Light, bright, and calm is the hardwood floor trend with staying power.
If you don’t think flooring materials are subject to fads and trends, let your mind time-travel back to the wall-to-wall carpet era, when floors covered in plush acrylic were considered the height of luxury. Just thinking about it might make you sneeze. Hardwood floors have been the standard for many decades now, but the materials, stains, and finishes have shifted from glossy and dark to weathered and gray, and, lately, to a kind of barely finished pale oak with a low-sheen finish and wide, substantial planks. If you’ve opened a shelter magazine, wandered through some virtual home tours, or dug deep into the interior design world on Instagram, you’ve likely noticed that wide-plank, pale oak floors are having a moment—a very long moment.
“If you look at the houses in California that were built from the ’20s-’50s, all of them have narrow, red-oak floor boards, about 1 1/4- 2 inches wide. That’s the material that was readily available, and that was the style,” says Nero Smeraldo, the owner and founder of ENS Builders in Los Angeles. “But if you look at that floor closely, you’ll see a lot of seams. It gets pretty busy. I think people are drawn to a quieter looking floor now, with wider planks, fewer seams, and a lighter finish with old-fashioned wax and low-gloss treatments that were popular back before they invented polyurethane. That’s been the trend for a while now”
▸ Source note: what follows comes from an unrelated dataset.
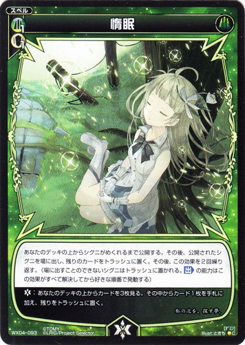 ![]() ![]() | WX04-093 惰眠 スペル 拡張パック インフェクテッドセレクター C 色:緑 コスト:[緑1][白1] あなたのデッキの上からシグニがめくれるまで公開する。その後、公開されたシグニを場に出し、残りのカードをトラッシュに置く。その後、この効果を2回繰り返す。(場に出すことのできないシグニはトラッシュに置かれる。【出】の能力はこの効果がすべて解決してから好きな順番で発動する) 【バースト】:あなたのデッキの上からカードを3枚見る。その中からカード1枚を手札に加え、残りをトラッシュに置く。 私の次を、探す夢。 illust:ときち |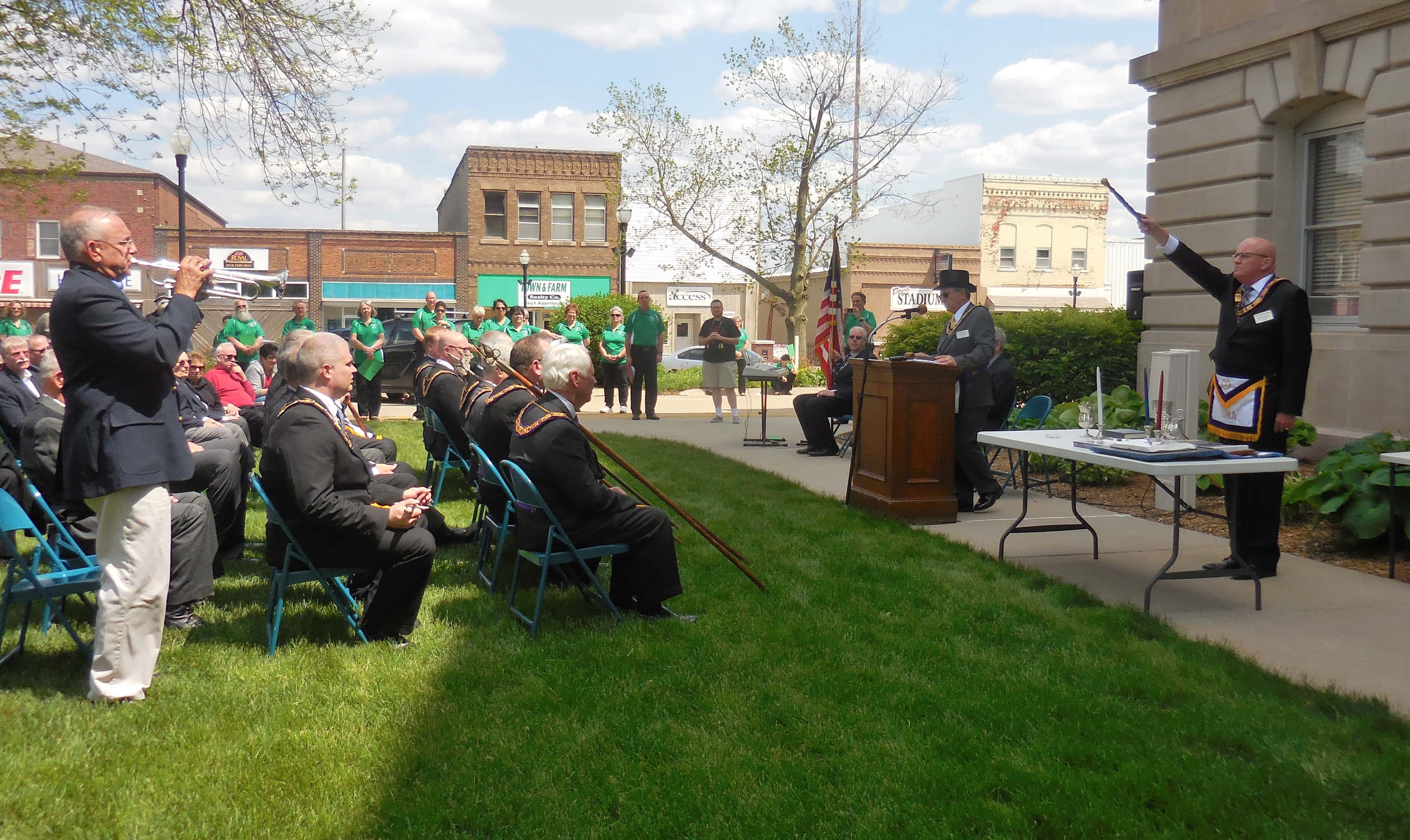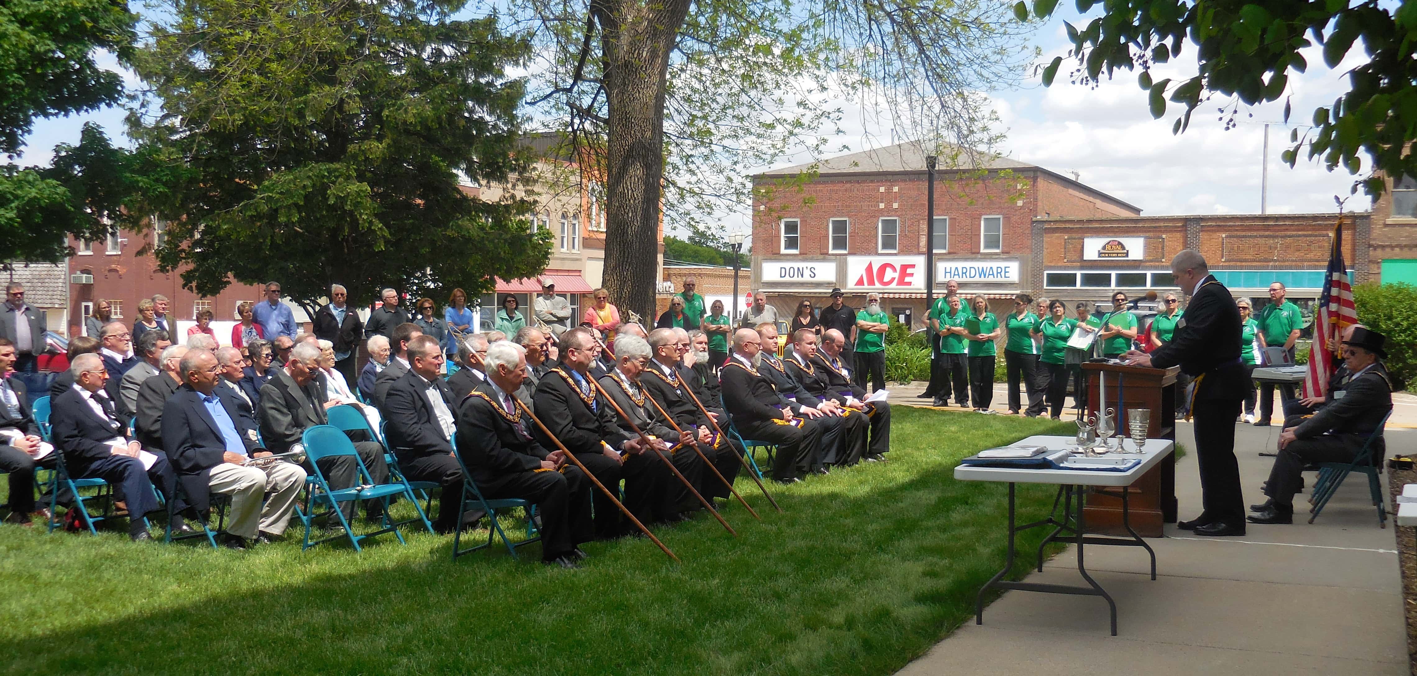 Officers and members of the Grand Masonic Lodge of Iowa and the Morningstar Masonic Lodge of Jefferson conducted the ceremony. Grand Master Arthur Crandon presided over the program and lead several rituals such as the three “tools” of the masons to lay a cornerstone of a building with the stone being square, level and plum.

Oren Dothan, the Los Angeles-based architect at Darx studio that designed the Bel Air house featured here (and built by Grossman Construction and Development) agrees that fewer seams on a floor compete less with the interior design of a home, and the pale finish appeals to home owners who want to create a feeling of light and space.
“With light colored floors, it is nice to have select grade material which is low on knots and resins,” Dothan says. “The knots and resins in wood are challenging when using a light colored finish, since the knots don’t take the stain in the same manner as the rest of the plank. While the knots stain dark, the resins remain light, so the outcome is not as quiet or visually as clean. There is a current attraction with soft palettes in architecture and design. We are frequently using low-contrast materials with a light colors and muted sheen. It’s calm and pleasant.”
Dothan uses Northern Wide Plank flooring, a Canadian company that uses North American and European hardwoods to manufacture planks, and offers a range of products that take cutting-edge engineered flooring technology and marry it with hand-crafting techniques. For this Bel Air project, he used NWP’s Dover wide planks (Wixom collection), with a smoothed-out surface that exposes rough grain and subtle knots.
Each floor starts with the kiln drying process of raw wood, which is then sawn into lamellas (top layers) that are laminated onto a birch wood substrate to create planks up to 11 inches wide and 12 feet long. Engineered planks are then milled and graded before they’re finished, with a variety of stains and treatments, depending on the desired finish. They’re durable, more resilient to moisture, and sustainable.
“It’s more economical to use engineered planks, for sure,” adds Smeraldo. “And you get the look and feel of solid hardwood with a more durable floor that could last you 20-30 years.”
“And pale oak is not the only finish out there. There are literally dozens to choose from,” Smeraldo says. “It’s just the one you’re seeing everywhere right now.”